Fig. 13. (a) FiBHA throughput normalized to B\_SEML throughput; the missing bars represent cases where B\_SEML FMs did not fit on-chip. (b) Overhead reduction in the first four layers of MobileNetV2 using FiBHA compared to B\_SEML on ZCU102. (c) Number of MAC operations per DW layer.

The figure depicts three scenarios; we discuss these scenarios in detail in the following paragraphs. The first scenario is where the throughput improvement is between 1x and 2x. The second scenario includes cases where there are missing bars. The third scenario is where the improvements are greater than 2x.

In the first scenario, the throughput improvements are a result of FiBHA capturing more heterogeneity than B\_SEML. Unlike B\_SEML, FiBHA processes the initial layers that are heterogeneity-rich (Section 4.1) using their own specifically optimized engines (Sections 4.3). Figure 13(b) shows the overhead reduction in the first four layers of MobileNetV2 when implemented, each using its own dedicated engine (FiBHA's SESL part), where the overhead is the difference between the measured and the ideal execution time of a layer. Similar trends are found in the rest of the evaluated CNNs. We report the results for the first four layers as they are common in all SESL parts of FiBHA in our experiments (Figure 10). This reduction in overhead is the highest for the first layer, which is a standard convolution layer. This is because this layer suffers the lowest resource utilization with B SEML mainly due to its shallow IFMs (parallelism pattern heterogeneity). The first layer forms a bottleneck in other state-of-the-art accelerators as well [7, 35]. The overhead reduction in the rest is a result of, in part, capturing heterogeneity in activation and weight reuse (Section 3). Another form of heterogeneity is the variation in the computational load, or the number of MAC operations, across the DW layers. This variation can be categorized as intra-layer-type heterogeneity. Figure 13(c) shows the number of operations in a DW layer for all the DW layers of the evaluated CNNs. The first few DW layers have much larger operation counts than the rest. Since the B\_SEML design uses a single DW engine to execute all the DW layers, the PEs assigned to that engine must be proportional to the average DW layer operation count. This results in a mismatch between the workload and the engine resources in the initial layers, making them a bottleneck.

In summary, the considerable heterogeneity among the initial layers explains why processing them using dedicated engines is crucial. As FiBHA processes these layers using dedicated engines that suit their parallelism patterns and their workloads (e.g., Table 1), the inefficiencies are minimized. Note that these dedicated engines are resource inexpensive (e.g., Table 1). This is because their execution time could be relaxed to fill all the time needed by the SEML part to execute the rest of the layers. The double buffering between the two parts of FiBHA (Section 4.3) allows the few layers of the SESL to take as much time as the majority of the layers executed by the SEML part take without forming a bottleneck.

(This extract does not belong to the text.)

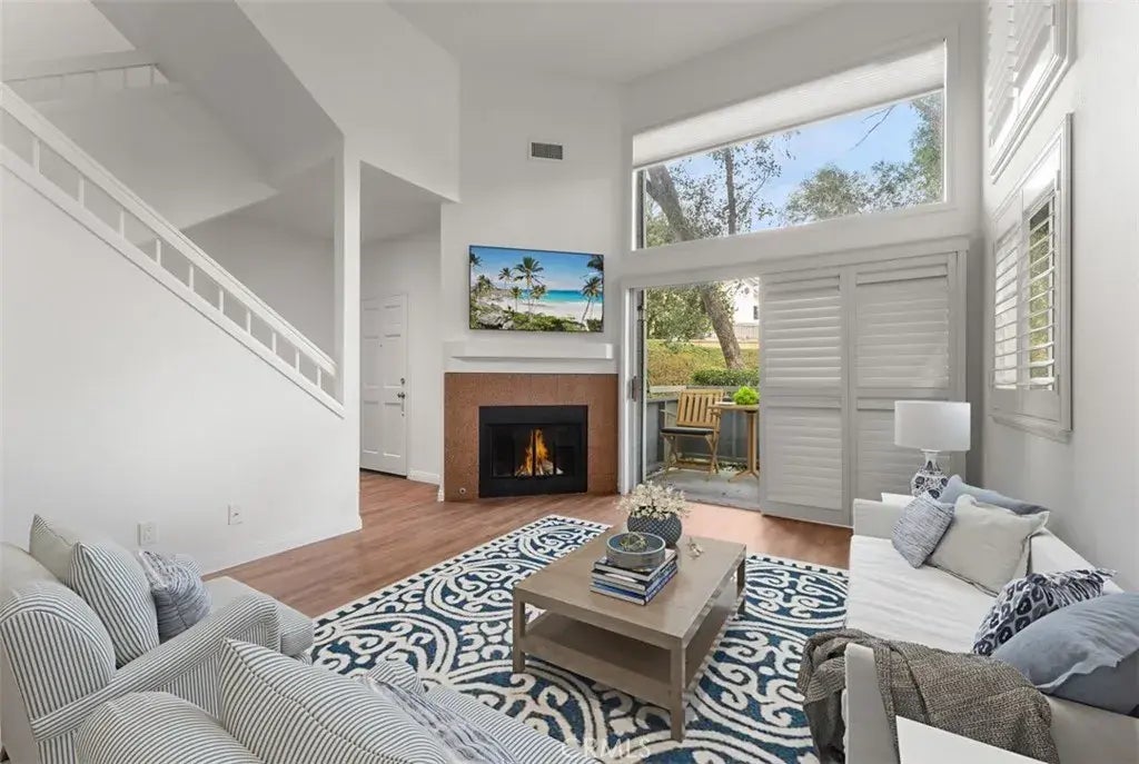 Discover your serene retreat in this beautifully updated stylish 2-bedroom end-unit townhouse, perfectly nestled in the heart of Laguna Niguel. Bathed in natural light, this home features soaring vaulted ceilings and picturesque views of lush trees and scenic walking trails. The unique open-concept floor plan flows effortlessly, showcasing a cozy fireplace in the inviting living area and a modern kitchen designed for culinary enthusiasts. The kitchen boasts sleek stainless steel appliances, stunning stone countertops, and a tumbled travertine backsplash, complemented by elegant shaker-style maple cabinets. Enjoy sunlit mornings in the charming eat-in dining nook with a bay window. This home offers two spacious master suites, each with its own private full bathroom, ensuring comfort and privacy. Additional highlights include a convenient laundry room, a two-car garage with direct access, fresh paint, new carpet, a newer AC and furnace, and a water softener for enhanced living comfort. Ideally located near Laguna Niguel Lake, Crown Valley Community Park, and the Laguna Niguel Botanical Gardens, this townhouse provides easy access to scenic walking and biking trails, as well as nearby shopping, dining, and the coastal charm of Laguna Beach and Dana Point. Welcome home to tranquility and style! Welcome home to 24839 Nueva Vista.

In the second scenario, MobileNetV1 and MobileNetV2 on ZC706 and KCU105 (Figure 13(a)), only FiBHA instances worked successfully, but there are no results for B\_SEML instances because their FMs of a single layer did not fit in the on-chip BRAM (FiBHA reduces the FM buffers requirements considerably, Figure 7). This gives FiBHA a qualitative advantage over the SEML-based



Fig. 14. (a) B\_SEML, FINN, and FiBHA throughput normalized to B\_SEML throughput. (b) Maximum LUT utilization achieved by FiBHA and FINN on ZCU102. (c) FINN BRAM efficiency: the ratio of the actually used to the allocated BRAM blocks. (d) FINN vs. FiBHA weighted computing resource idleness.

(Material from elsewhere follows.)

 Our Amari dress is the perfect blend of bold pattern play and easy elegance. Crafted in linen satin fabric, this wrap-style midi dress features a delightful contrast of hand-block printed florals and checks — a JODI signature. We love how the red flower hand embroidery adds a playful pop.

accelerator. Note that in such scenarios, an SEML-based design would work if the FMs are stored off-chip. However, we do not consider such implementation since it results in a huge amount of access to the external memory, which would lead to a considerable energy overhead. To give an example, an SEML-based implementation of MobileNetV2 that stores FMs off-chip requires roughly 13.4 million DRAM accesses compared to *zero* when using FiBHA in these scenarios.

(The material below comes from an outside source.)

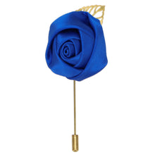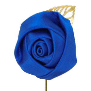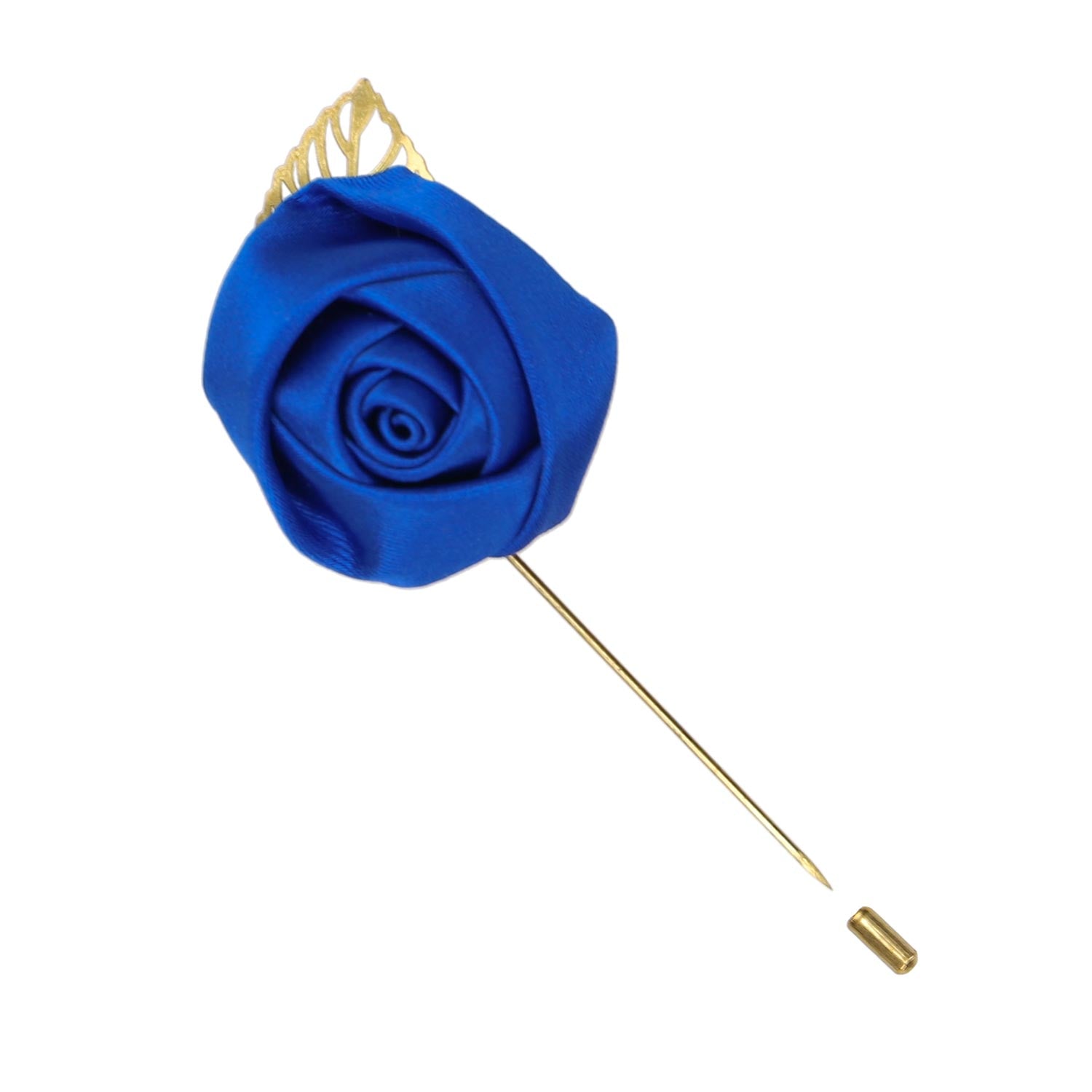 Complete his wedding day look with this horizon blue flower lapel pin. These lapel pins are a budget-friendly alternative to the boutonnière. The floral puff is made from the same material as our premium ties and is accented with a gold-tone leaf. It secures to his jacket, vest or suspenders with a metal pin.

In the third scenario, B\_SEML , unlike FiBHA, did not scale because the available on-chip BRAM imposed a scaling bottleneck. Hence, FiBHA provides > 2x throughput improvement in this scenario. KCU015 has roughly twice the number of PEs compared to ZC706, but both of them have roughly similar on-chip memory (Table 2). When scaling an engine by adding more PEs, more elements need to be accessed in one cycle to keep up with the parallelism and not form a bottleneck. To enable accessing more elements in one cycle, the data has to be partitioned on a sufficient number of independently accessible banks or blocks. This results in some form of fragmentation where even though the FMs are slightly smaller than the available BRAM, they cannot be stored in a way that satisfies the PEs' scaling requirements. Since FiBHA reduces the required FM buffering, it increases the free space, which enables partitioning the data without being bottlenecked by the on-chip memory. As a result, FiBHA scaled up to utilize the additional PEs available on KCU015, while B\_SEML did not.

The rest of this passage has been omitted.